Assignment: The answer should hold only the lines from the beginning of the listing below to the line containing "Cityscape sunset backdrop", both included, with every picture left out.

Collected data:
<<<<

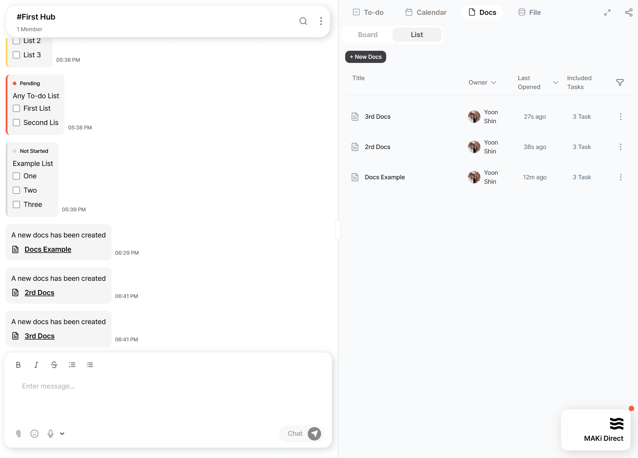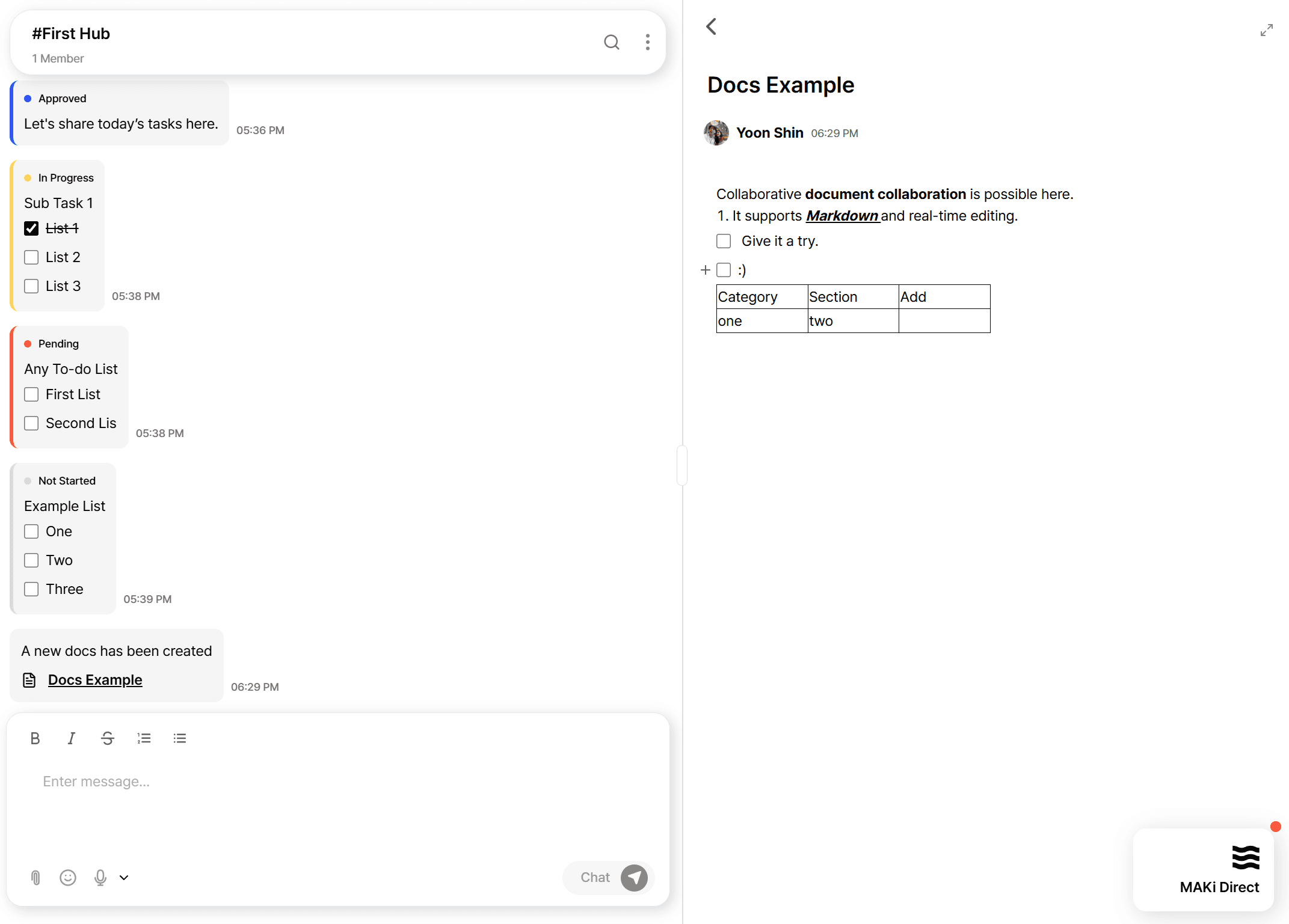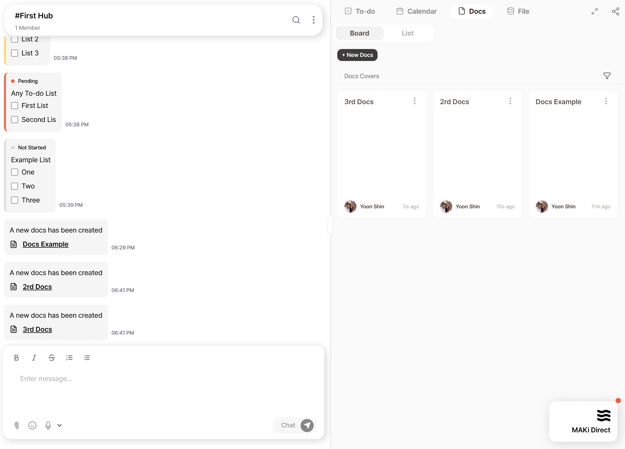 Docs in MAKi are designed for fast documentation and real-time collaboration.
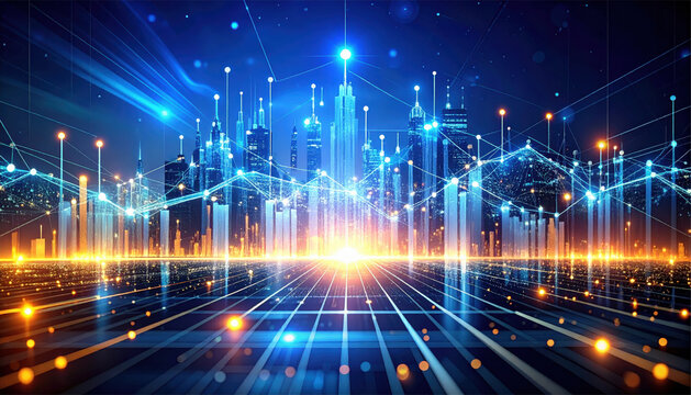Cityscape sunset backdrop with overlaid glowing digital data streams
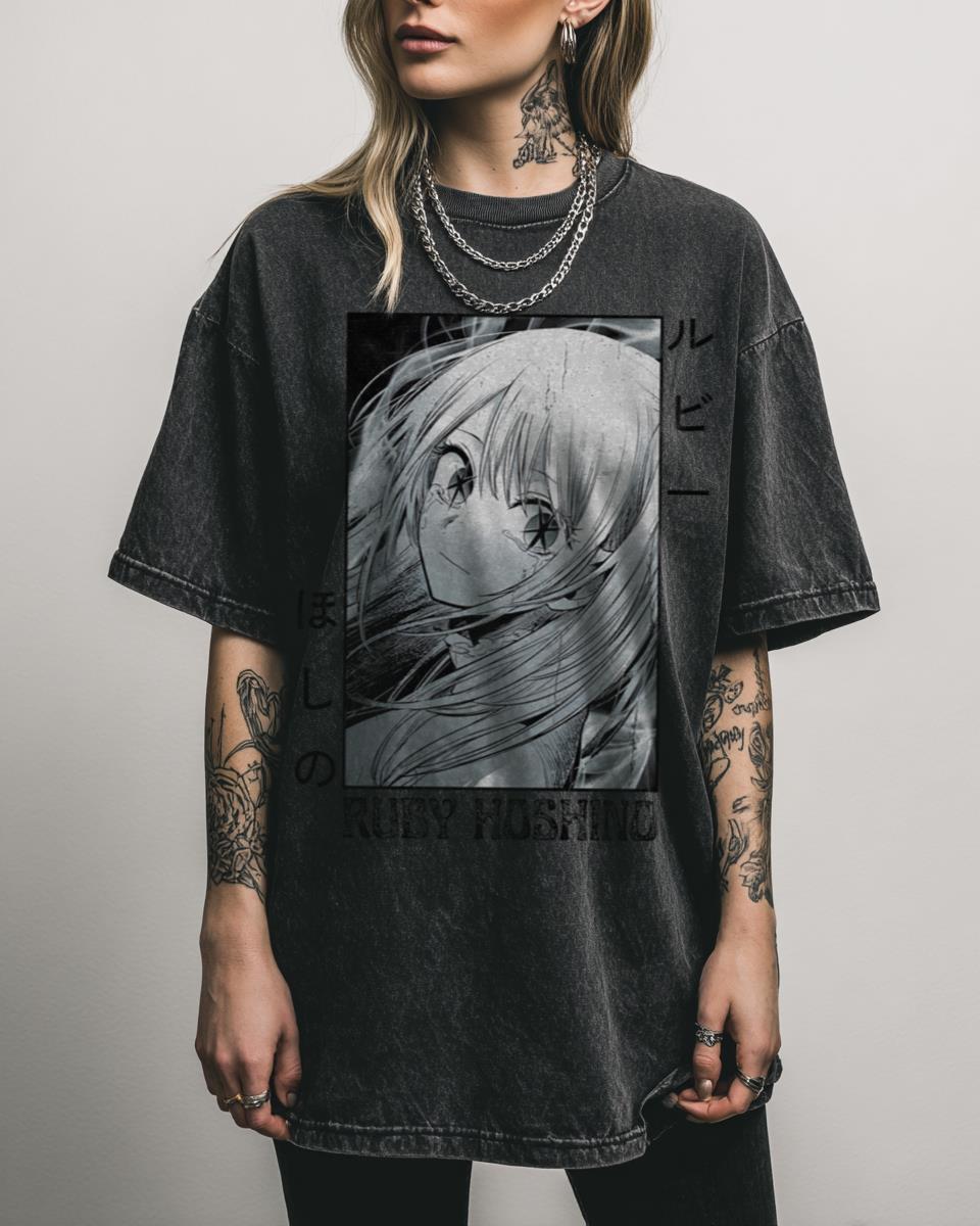 Why This Oshinoko Ai Hoshino Kawaii Tee is So Captivating? Express your devotion to the idol world with this Oshinoko Ai Hoshino Kawaii Anime Graphic Tee. This fan-created design beautifully highlights Ai Hoshino from the popular Oshi No Ko series, capturing her charming and iconic presence. Crafted from 100% cotton with a unique black acidwash…
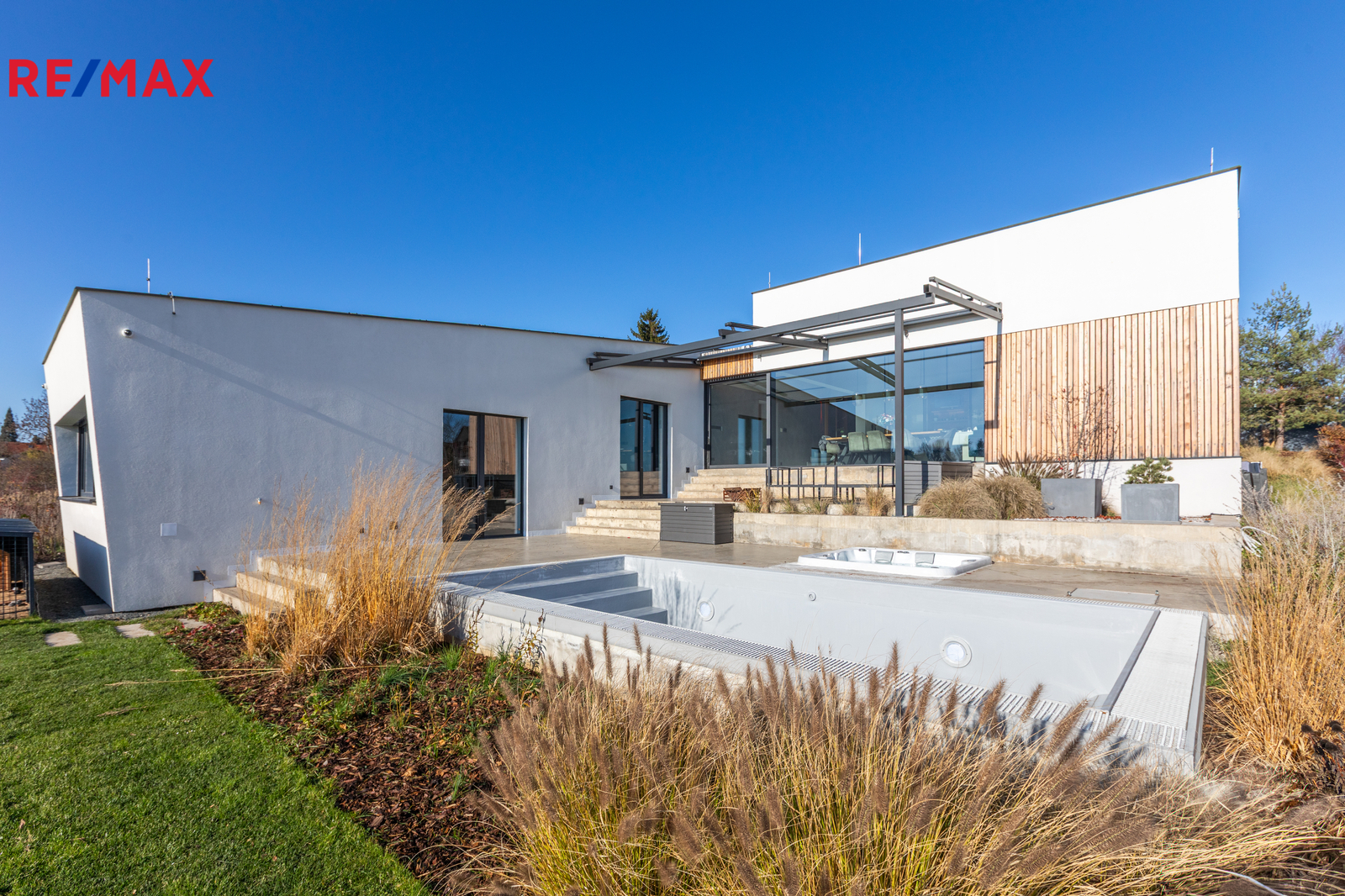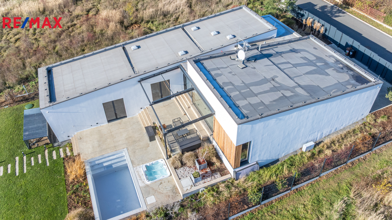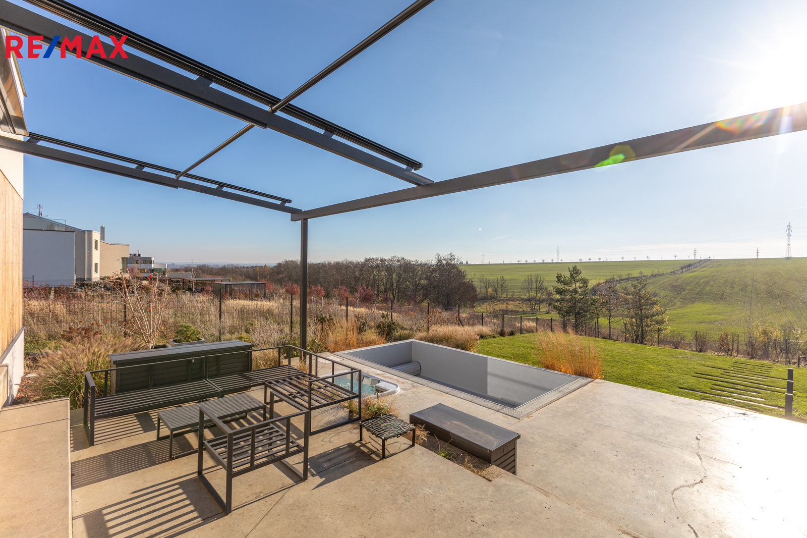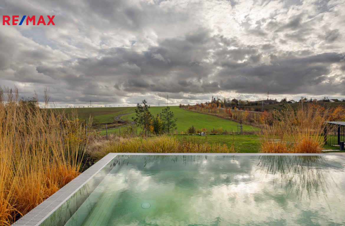 Terasa o výměře 65 m2 má elektricky ovládané zastínění, zapuštěný přelivový bazén 6x3 s vyjížděcí krycí nosnou lamelou a vířivku, vše od firmy BWT.

>>>>

Response to this task:
 Docs in MAKi are designed for fast documentation and real-time collaboration.
Cityscape sunset backdrop with overlaid glowing digital data streams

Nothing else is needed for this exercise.